PA 98 Kecam Keras Aksi Penyiraman Air Keras Terhadap Aktivis KontraS

Avatar photo

Porosmedia.com, Bandung – Insiden kekerasan yang menimpa pembela hak asasi manusia (HAM) kembali memicu gelombang protes. Perkumpulan Aktivis 98 (PA 98) secara resmi mengutuk aksi penyiraman air keras terhadap aktivis Komisi untuk Orang Hilang dan Korban Tindak Kekerasan (KontraS), Andre Yunus, yang terjadi pada Kamis (12/3/2026).

​Sekretaris Jenderal PA 98, Lukman Nurhakim, menegaskan bahwa serangan oleh orang tidak dikenal (OTK) tersebut bukan sekadar tindak kriminal biasa, melainkan bentuk intimidasi brutal terhadap kebebasan sipil di Indonesia.

​”Penyiraman air keras terhadap Andre Yunus adalah tindakan barbar yang mengancam hak dasar warga negara untuk berserikat, berkumpul, dan menyatakan pendapat,” ujar Lukman dalam keterangan tertulisnya, Minggu (15/3/2026).

​Lukman, yang juga merupakan alumni Universitas Katolik Parahyangan, menilai insiden ini sangat kontradiktif dengan nilai-nilai demokrasi yang dianut Indonesia. Menurutnya, kekerasan terhadap aktivis mencoreng pencapaian 26 tahun reformasi dan menghambat terwujudnya masyarakat sipil yang beradab.

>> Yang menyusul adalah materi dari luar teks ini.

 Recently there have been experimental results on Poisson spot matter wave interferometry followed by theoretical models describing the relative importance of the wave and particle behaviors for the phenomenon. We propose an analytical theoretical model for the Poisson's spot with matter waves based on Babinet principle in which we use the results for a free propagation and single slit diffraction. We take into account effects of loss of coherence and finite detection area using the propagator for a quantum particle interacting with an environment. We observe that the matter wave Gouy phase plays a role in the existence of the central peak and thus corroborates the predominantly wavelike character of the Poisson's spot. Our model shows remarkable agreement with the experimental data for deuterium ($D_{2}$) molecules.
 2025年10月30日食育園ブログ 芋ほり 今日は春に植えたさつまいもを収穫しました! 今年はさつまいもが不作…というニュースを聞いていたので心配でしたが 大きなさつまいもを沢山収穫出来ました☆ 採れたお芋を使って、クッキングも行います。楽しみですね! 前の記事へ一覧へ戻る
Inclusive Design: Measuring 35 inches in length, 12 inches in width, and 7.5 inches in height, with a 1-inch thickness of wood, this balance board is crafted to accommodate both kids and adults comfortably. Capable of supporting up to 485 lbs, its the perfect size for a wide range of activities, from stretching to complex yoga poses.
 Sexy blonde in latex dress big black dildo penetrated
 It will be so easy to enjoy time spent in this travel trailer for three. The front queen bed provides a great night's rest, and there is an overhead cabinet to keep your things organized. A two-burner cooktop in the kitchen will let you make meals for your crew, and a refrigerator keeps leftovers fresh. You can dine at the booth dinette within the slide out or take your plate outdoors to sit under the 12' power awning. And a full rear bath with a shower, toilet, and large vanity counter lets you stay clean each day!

​Pernyataan sikap ini turut didukung oleh sejumlah tokoh senior PA 98, di antaranya: ​Prof. Muradi (Guru Besar Universitas Padjadjaran), ​Heru Joko (Tokoh Komunitas Viking), ​Surya Wijaya (Ketua Perkumpulan Aktivis 98)

Baca juga:  Logo Baru Buruan Sae Utama: Kota Bandung Menuju Transformasi Pangan Inklusif

​PA 98 mengingatkan bahwa pemerintah hasil Pemilu 2024 memegang mandat penuh untuk menjamin keamanan setiap warga negara, termasuk para pengkritik dan kelompok masyarakat sipil.

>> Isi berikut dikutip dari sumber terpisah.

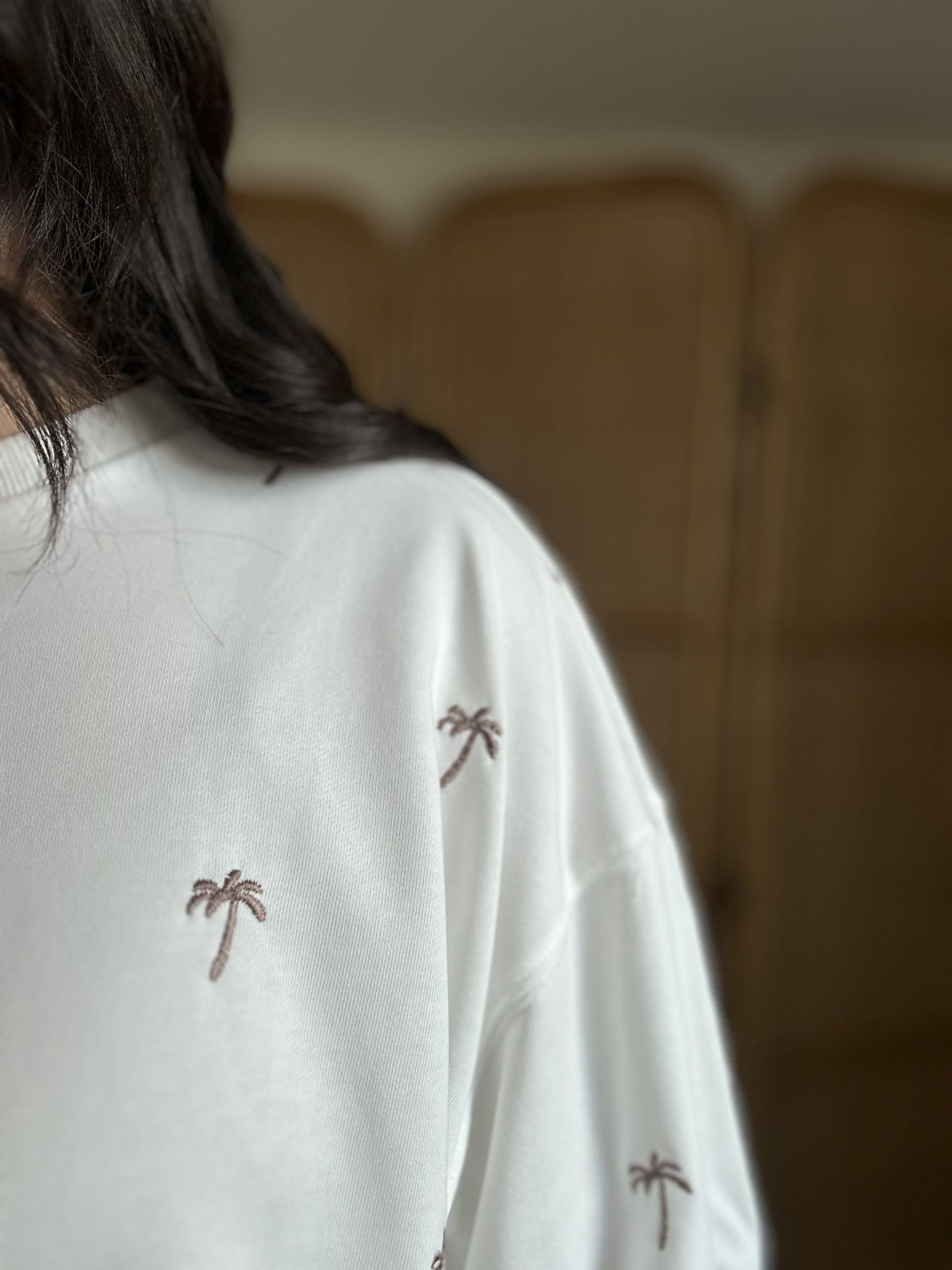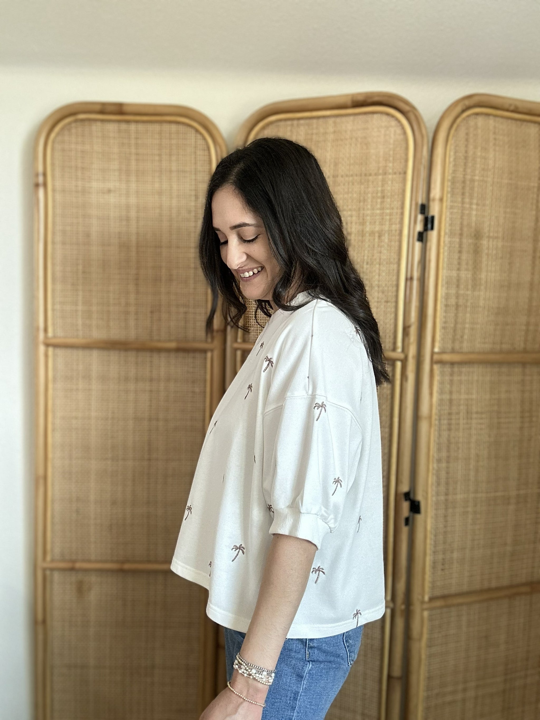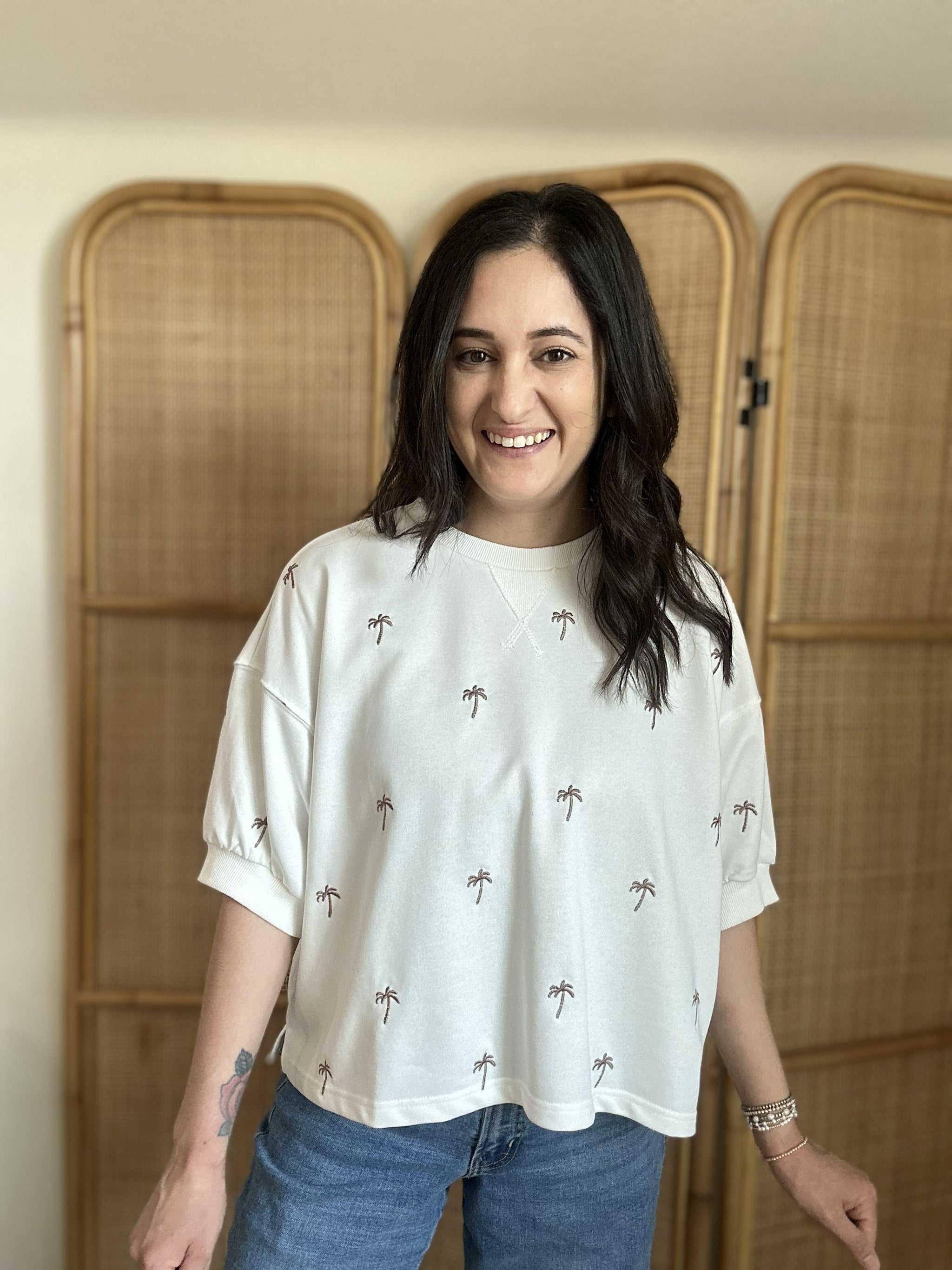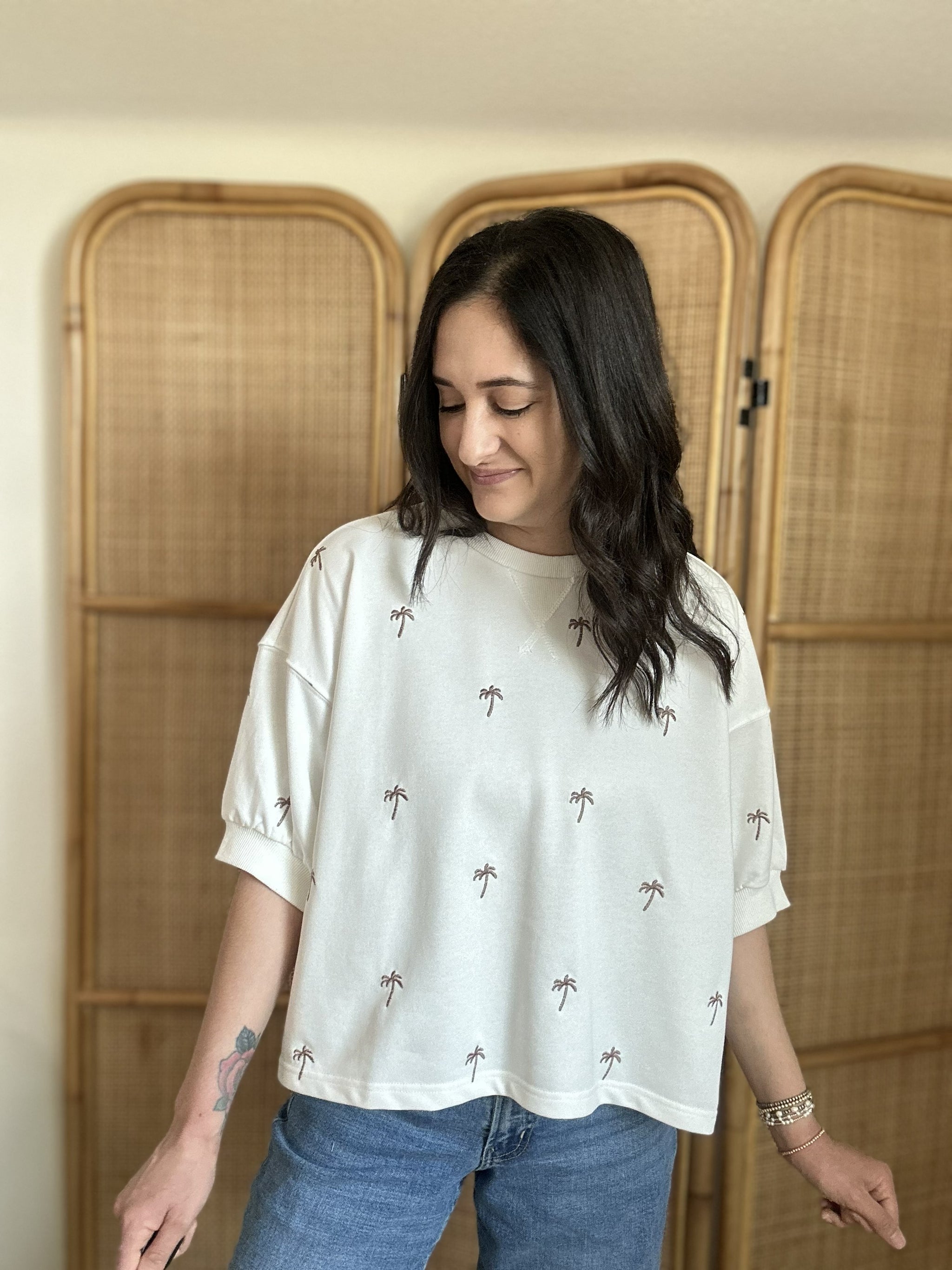 Laid-back, cool, and effortlessly stylish, the Bahama Mama Top is your new favorite sweatshirt for easy, breezy days. This white crew-neck sweatshirt features charming embroidered palm tree print that brings tropical vibes to your wardrobe. Designed with a relaxed boxy cut, it's the perfect transitional piece for any season. Pair it with denim shorts for a casual beach look or style it with your favorite denim for an easy, everyday outfit.

​Dalam rilis resminya, PA 98 menyampaikan empat poin tuntutan utama:

  1. Mengutuk keras segala bentuk kekerasan fisik maupun intimidasi terhadap aktivis pro-demokrasi dan HAM.
  2. Mendesak Negara untuk hadir dan bertindak tegas dalam melindungi ruang aman bagi pembela HAM.
  3. Meminta Kepolisian RI segera mengusut tuntas, menangkap pelaku, dan mengungkap aktor intelektual di balik serangan ini tanpa pandang bulu.
  4. Menagih Komitmen Pemerintahan Presiden Prabowo Subianto dan Wakil Presiden Gibran Rakabuming Raka untuk konsisten menjamin kebebasan berpendapat sesuai amanat konstitusi.

​Sebagai penutup, Lukman mengajak seluruh elemen masyarakat sipil dan kelompok pro-demokrasi untuk memperkuat konsolidasi. Hal ini dinilai krusial guna memastikan arah demokrasi Indonesia tetap selaras dengan cita-cita luhur reformasi 1998 dan tidak tergerus oleh praktik kekerasan yang repetitif.